■ Action item ■
Write out every line exactly, from the start of the records below to the line with "슈퍼세이브는 쇼핑에 따른", and stop there. Don't write out the pictures.
Segment Start: Stored data
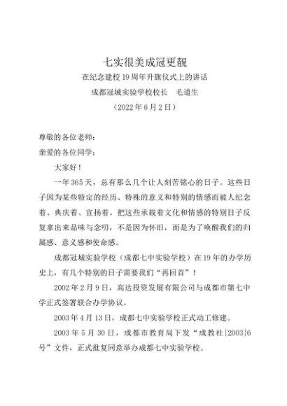 / 领导讲话:20220602在纪念建校19周年升旗仪式上的讲话——成都冠城实验学校校长 毛道生
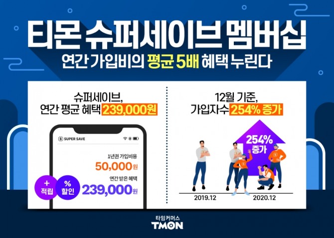 슈퍼세이브는 쇼핑에 따른 적립과 할인, 회원만의 전용 특가딜 등으로 쇼핑에 최적화된 멤버십으로 꼽힌다. 회원 전용 특가딜과 이벤트, 차별화된 할인쿠폰과 적립혜택 등의 혜택을 제공한다. 이에 지난 12월 말 기준 티몬 슈퍼세이브 가입자 수는 직전년 같은 기간 대비 254% 증가했다.
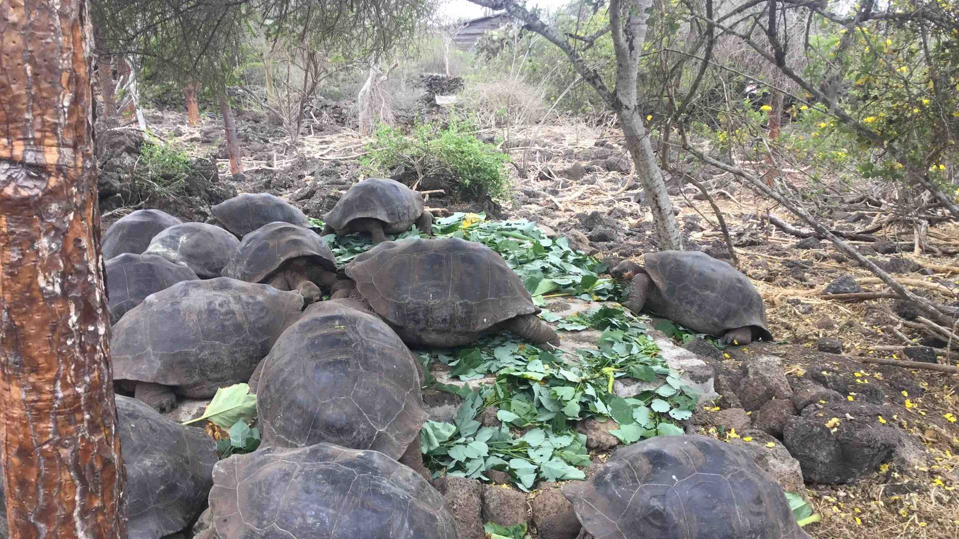 In the afternoon we got to the most awaited destination of the day, a wild tortoise ranch! We had lunch in an open area where tortoises observed us enjoying our meal. As crazy at it seems, those tortoises were not captive, the highlands of Santa Cruz have a population of wild tortoises that come and go from one farm to another. After dessert we wandered around with our Naturalists, having close encounters with these mysterious giants and learning all about their ecology.
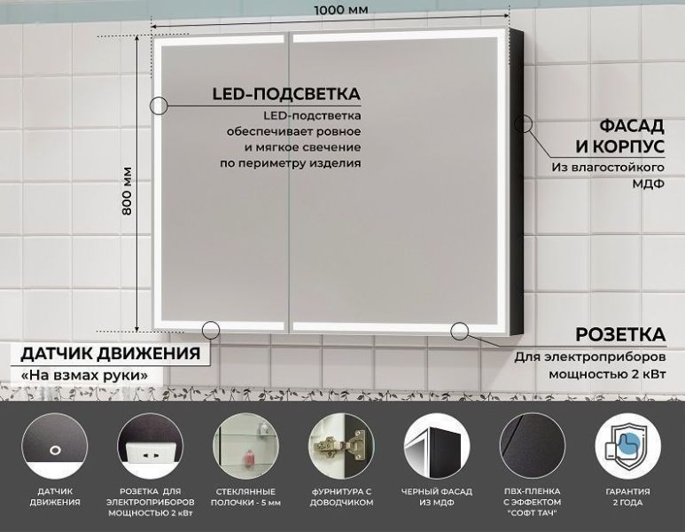 Тип:зеркало-шкаф с подсветкой
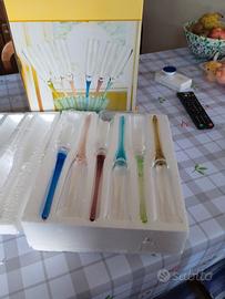 Sei bicchieri flute in vetro colorato con base d'appoggio, mai usato, con scatola originale
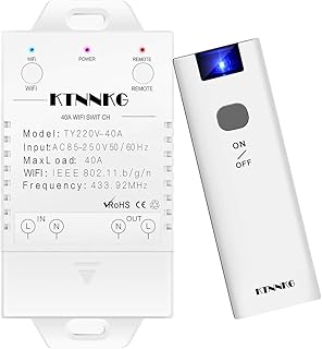 KTNNKG 40A WiFi-Schalter Für Gartenlicht, Poolpumpe und Staubsammler, Unterstützt Fernbedienung, Kompatibel Mit Tuya APP, Neutralleiter Erforderlich, 110V 220V AC
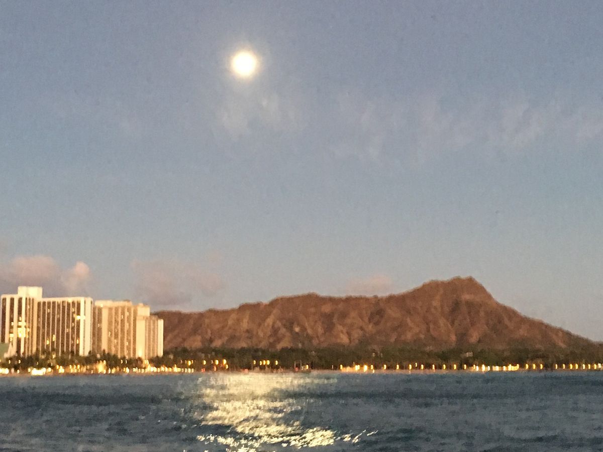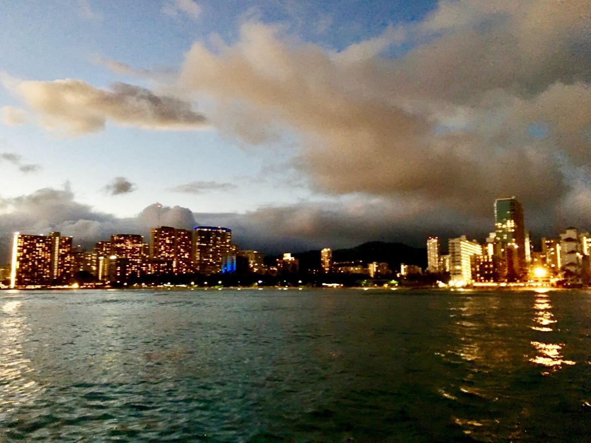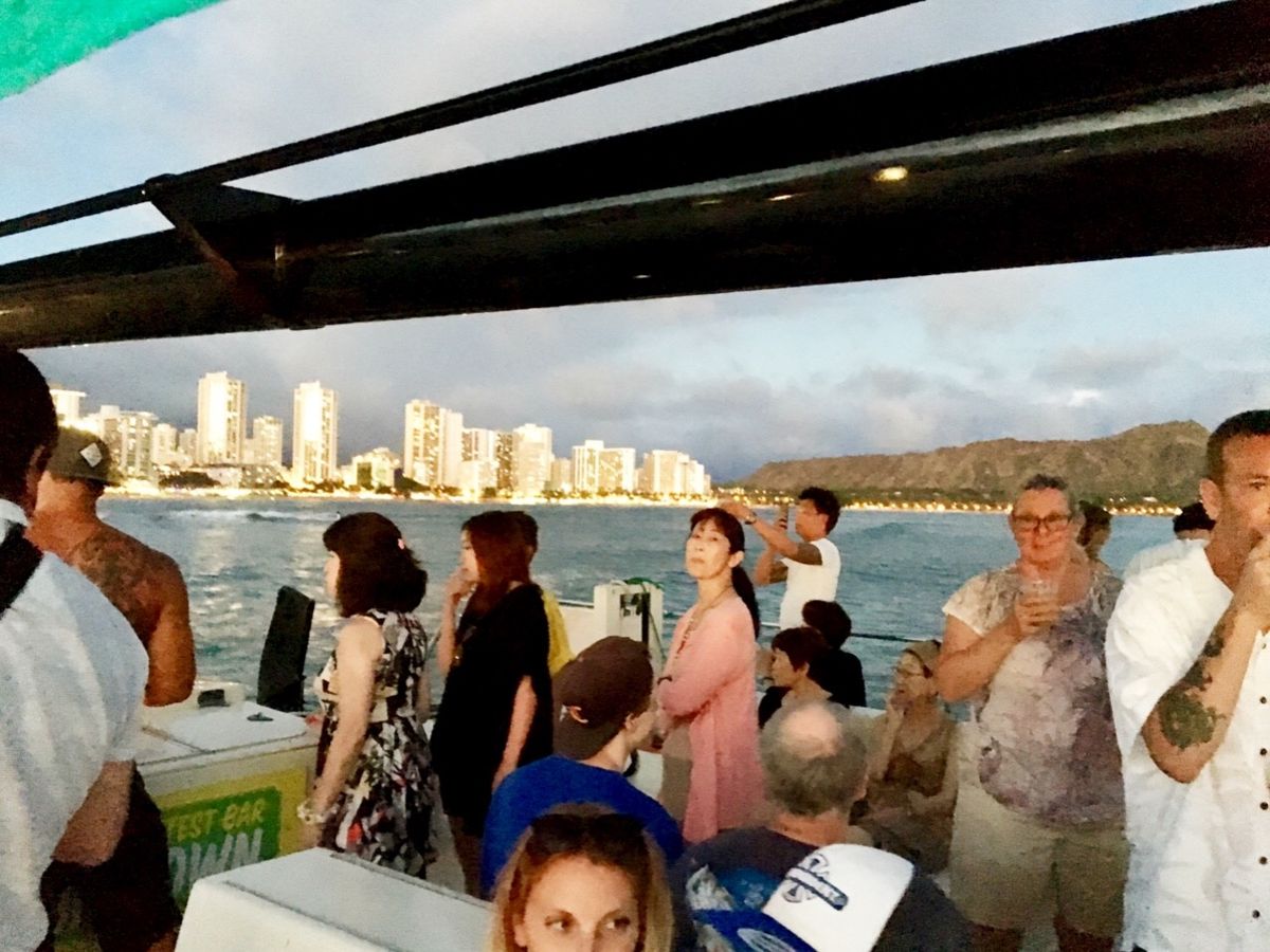 三度目のハワイ旅行で二度目のデイナークルーズでしたが前回より時間が短かつたようでした。夜景が始まる前にクルーズが終わり残念でした。
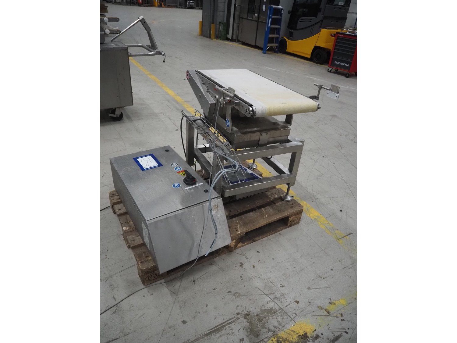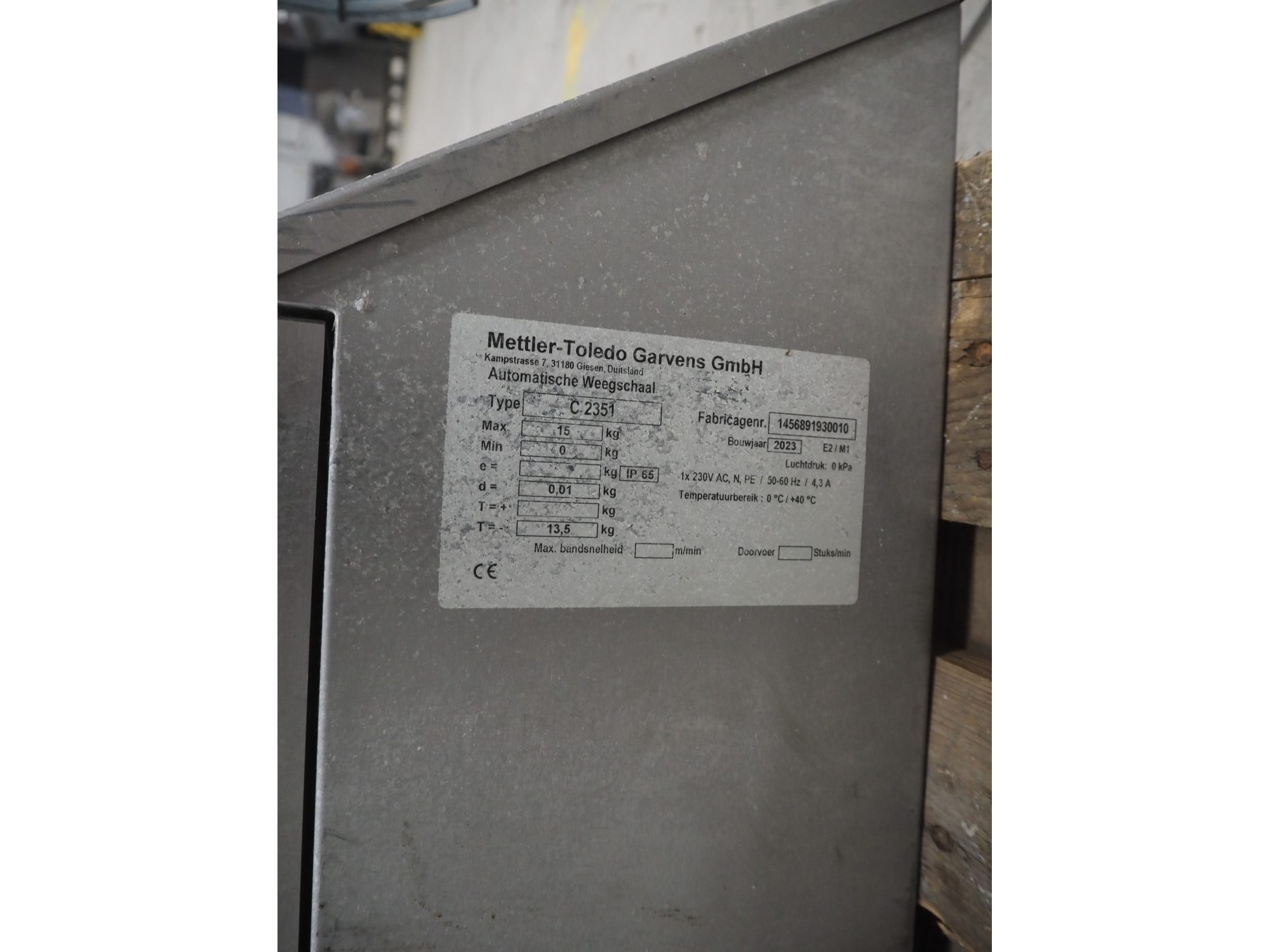 Mettler-Toledo Garvens GmbH checkweigher with scanner, type: C 2351, fabrication number: 1456891930010, year of construction: 2023, 230 V, 1 Ph, 50-60 Hz, 4.3 A, temperature range: 0-40 °C, weighing range: 0-15 kg, plastic belt, belt width: 450 mm, total dimensions: 850 mm x 700 mm x 1700 mm. Screen broken, already dismantled. Kavel locatie: Looyenbeemd 11, 5652 BH Eindhoven, Nederland
Segment End: Stored data
■ Solution to this task ■
 / 领导讲话:20220602在纪念建校19周年升旗仪式上的讲话——成都冠城实验学校校长 毛道生
 슈퍼세이브는 쇼핑에 따른 적립과 할인, 회원만의 전용 특가딜 등으로 쇼핑에 최적화된 멤버십으로 꼽힌다. 회원 전용 특가딜과 이벤트, 차별화된 할인쿠폰과 적립혜택 등의 혜택을 제공한다. 이에 지난 12월 말 기준 티몬 슈퍼세이브 가입자 수는 직전년 같은 기간 대비 254% 증가했다.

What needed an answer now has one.